Top of Data section
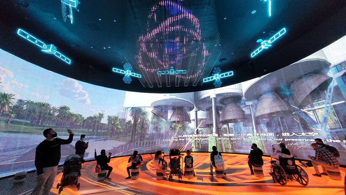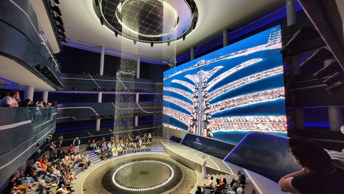 а также концертная площадка, гигантское проекторное шоу, лазерные шоу, самый огромный в мире лед экран, обзорная площадка взмывающая в небо, даже с нее кстати непонятно где заканчивается территория всего этого безумства
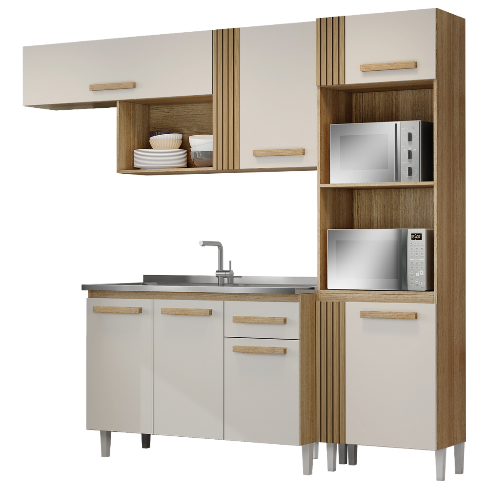 Cozinha Compacta para Pia + Balcão 3P1G Vitória Atacama/Off White – ARAMÓVEIS
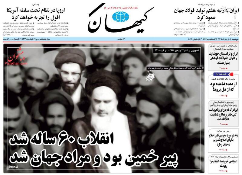 به رسم خویشاوندی، انقلاب ۶۰ساله شد پیر خمین بود و مراد جهان شد، احیاگر دین و ملت، از تیترهای برگزیده روزنامههای پنجشنبه یازدهم خرداد ۱۴۰۲ است.
Bottom of Data section
Exactly the lines from the one containing "Cozinha Compacta para" through the last line of the data above should be output, both ends included, with every picture left out.

 Cozinha Compacta para Pia + Balcão 3P1G Vitória Atacama/Off White – ARAMÓVEIS
 به رسم خویشاوندی، انقلاب ۶۰ساله شد پیر خمین بود و مراد جهان شد، احیاگر دین و ملت، از تیترهای برگزیده روزنامههای پنجشنبه یازدهم خرداد ۱۴۰۲ است.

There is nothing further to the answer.